Activity – Make an exact copy of every entry, leaving the pictures out.

*** Data provided Section Begins ***

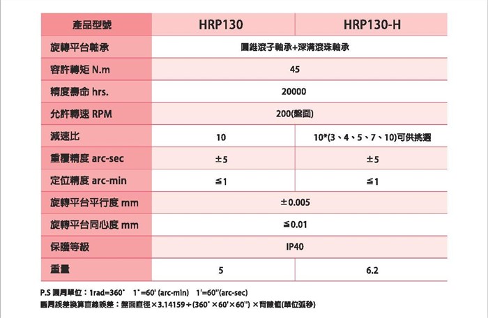 可搭配伺服馬達或減速齒輪箱,提供使用者多種選單。 工作平台可直接與工件配合,提高便利性。 旋轉平台為中空軸設計,適用於配線(管)之場合。 定位精度小於1弧分、重複精度可達±5弧秒,增加產品之穩定性。 DH系列最佳的性價比可廣泛應用於各種場合。 DOWNLOAD:HRP130-10.pdf
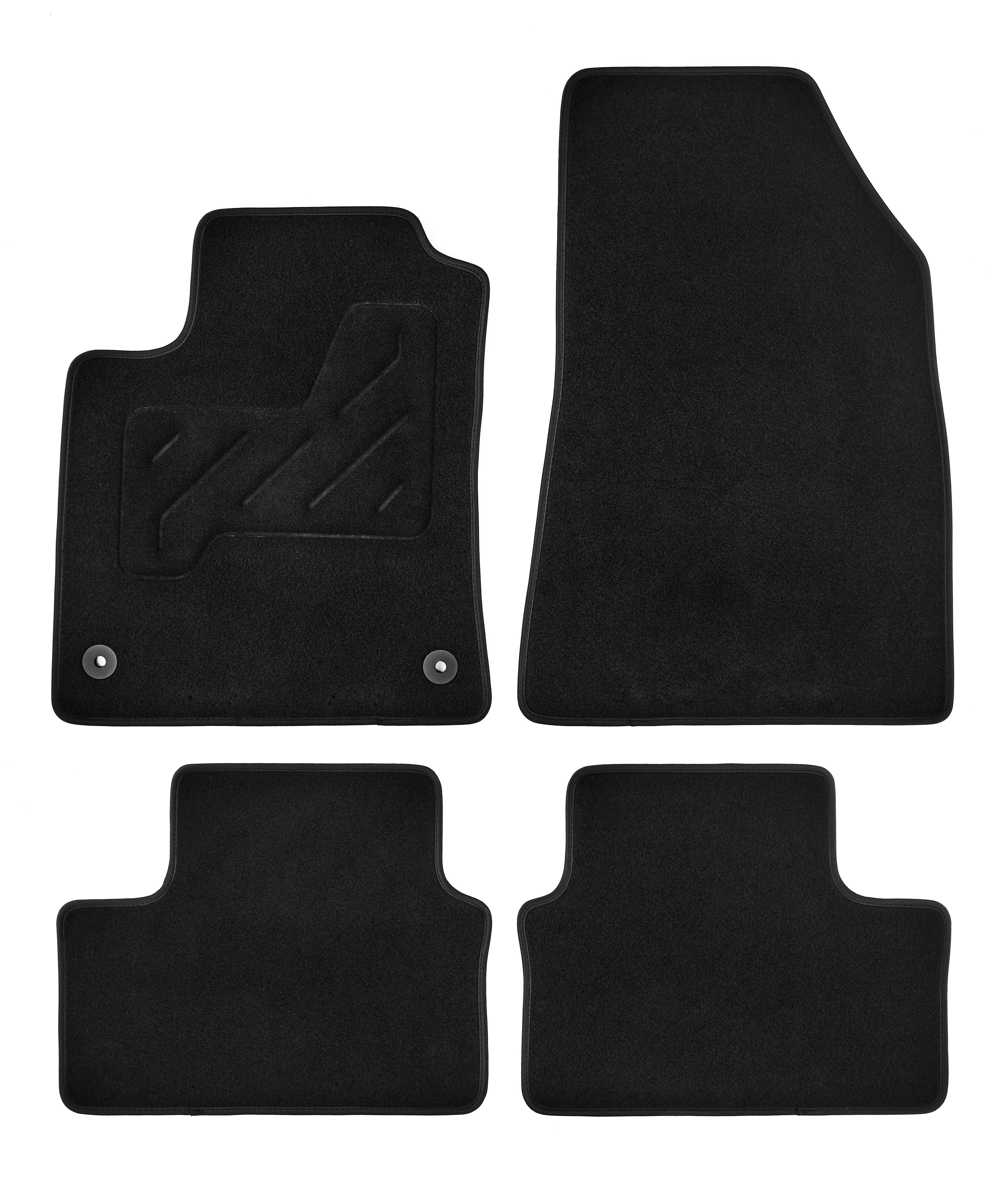Moquette aiguilletée 750 g/m² - talonnette renforcée et ganse textile - mousse antidérapante côté conducteur - dos granulé côté passager et à l'arrière - clips de fixation d'origine
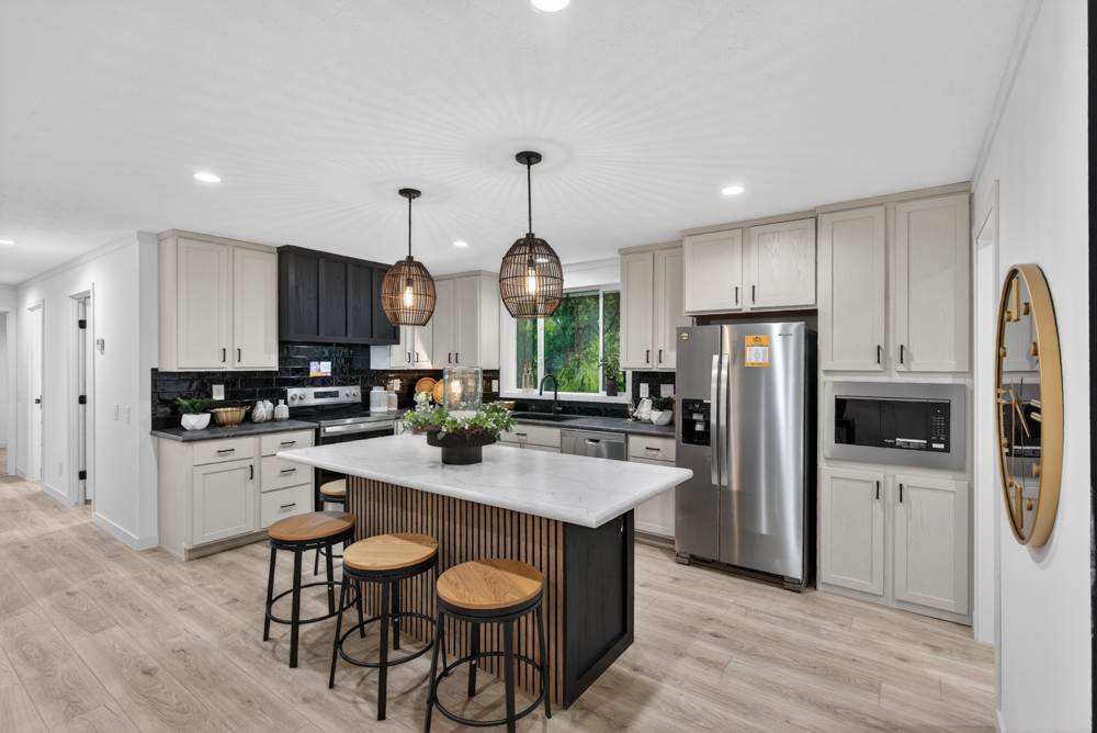 The Aura model has 4 Beds and 3 Baths. This 1728 square foot Double Wide HUD Manufactured Home is available for delivery in
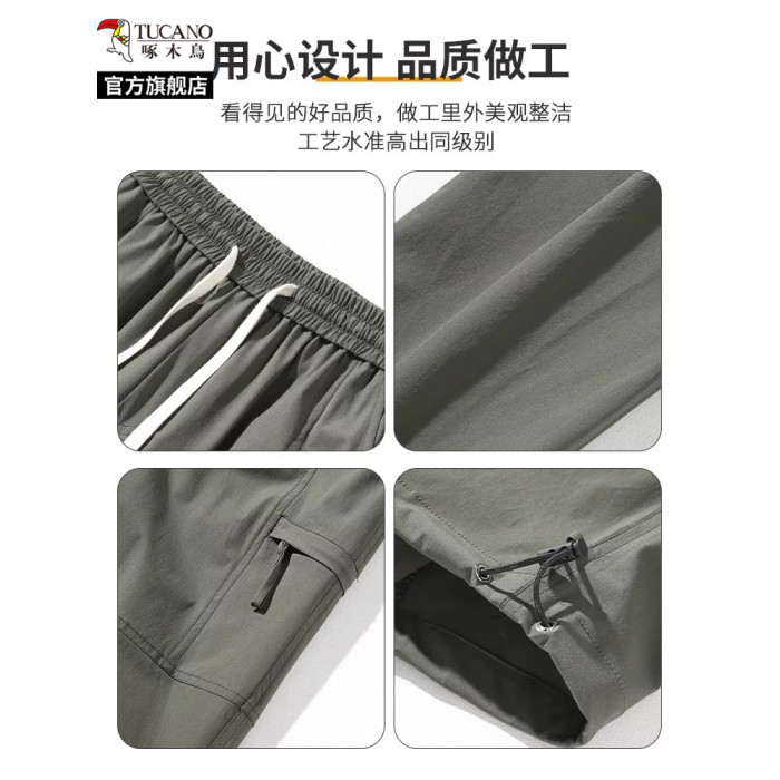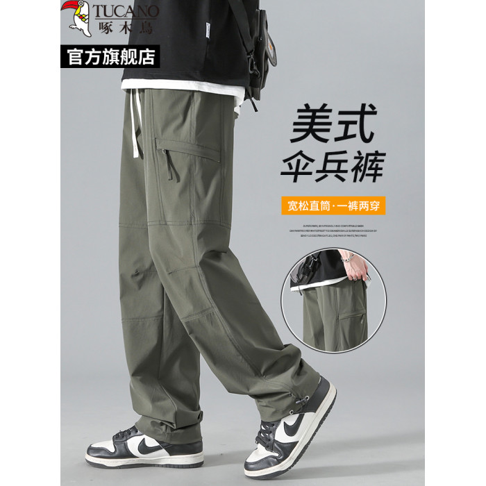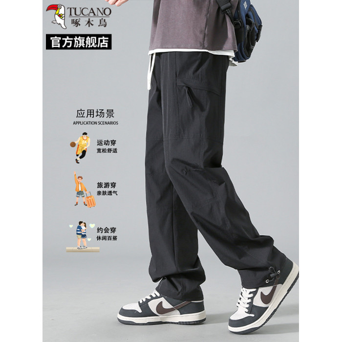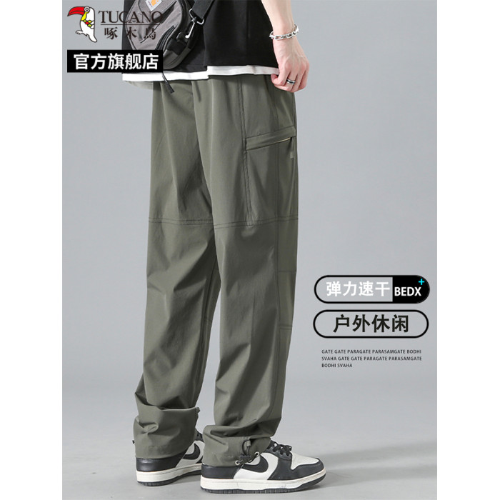 啄木鳥2025夏季薄款速乾美式褲子男士直筒休閒運動褲工裝沖鋒長褲
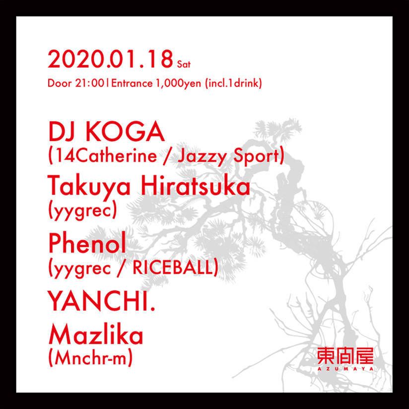 2020.01 18 JAN Azumaya -Saturday HOUSE TECHNO 0 Shares Facebook Twitter google Line DATE: 2020-01-18 SAT OPEN: 21:00 VENUE: PRICE: Entrance 1,000yen(incl. 1drink) LINE UP: DJ KOGA(14Catherine / Jazzy Sport) Takuya Hiratsuka(yygrec) Phenol(yygrec / RICEBALL) YANCHI. Mazlika(Mnchr-m)
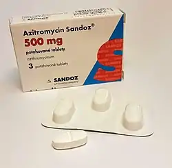 Macrolides (azithromycin) are used in all age groups, while tetracyclines (doxycycline) are prescribed for children above the age of 12 and quinolones (levofloxacin) above the age of 18. Rifampicin can be used in combination with a quinolone or macrolide. Whether rifampicin is an effective antibiotic to take for treatment is uncertain. The Infectious Diseases Society of America does not recommend the use of rifampicin with added regimens. Tetracyclines and erythromycin led to improved outcomes compared to other antibiotics in the original American Legion outbreak. These antibiotics are effective because they have excellent intracellular penetration in Legionella-infected cells. The recommended treatment is 5–10 days of levofloxacin or 3–5 days of azithromycin, but in people who are immunocompromised, have severe disease, or other pre-existing health conditions, longer antibiotic use may be necessary.[1] During outbreaks, prophylactic antibiotics have been used to prevent Legionnaires' disease in high-risk individuals who have possibly been exposed.[1]

*** Data provided Section Ends ***

Problem solution –
 可搭配伺服馬達或減速齒輪箱,提供使用者多種選單。 工作平台可直接與工件配合,提高便利性。 旋轉平台為中空軸設計,適用於配線(管)之場合。 定位精度小於1弧分、重複精度可達±5弧秒,增加產品之穩定性。 DH系列最佳的性價比可廣泛應用於各種場合。 DOWNLOAD:HRP130-10.pdf
Moquette aiguilletée 750 g/m² - talonnette renforcée et ganse textile - mousse antidérapante côté conducteur - dos granulé côté passager et à l'arrière - clips de fixation d'origine
 The Aura model has 4 Beds and 3 Baths. This 1728 square foot Double Wide HUD Manufactured Home is available for delivery in
 啄木鳥2025夏季薄款速乾美式褲子男士直筒休閒運動褲工裝沖鋒長褲
 2020.01 18 JAN Azumaya -Saturday HOUSE TECHNO 0 Shares Facebook Twitter google Line DATE: 2020-01-18 SAT OPEN: 21:00 VENUE: PRICE: Entrance 1,000yen(incl. 1drink) LINE UP: DJ KOGA(14Catherine / Jazzy Sport) Takuya Hiratsuka(yygrec) Phenol(yygrec / RICEBALL) YANCHI. Mazlika(Mnchr-m)
 Macrolides (azithromycin) are used in all age groups, while tetracyclines (doxycycline) are prescribed for children above the age of 12 and quinolones (levofloxacin) above the age of 18. Rifampicin can be used in combination with a quinolone or macrolide. Whether rifampicin is an effective antibiotic to take for treatment is uncertain. The Infectious Diseases Society of America does not recommend the use of rifampicin with added regimens. Tetracyclines and erythromycin led to improved outcomes compared to other antibiotics in the original American Legion outbreak. These antibiotics are effective because they have excellent intracellular penetration in Legionella-infected cells. The recommended treatment is 5–10 days of levofloxacin or 3–5 days of azithromycin, but in people who are immunocompromised, have severe disease, or other pre-existing health conditions, longer antibiotic use may be necessary.[1] During outbreaks, prophylactic antibiotics have been used to prevent Legionnaires' disease in high-risk individuals who have possibly been exposed.[1]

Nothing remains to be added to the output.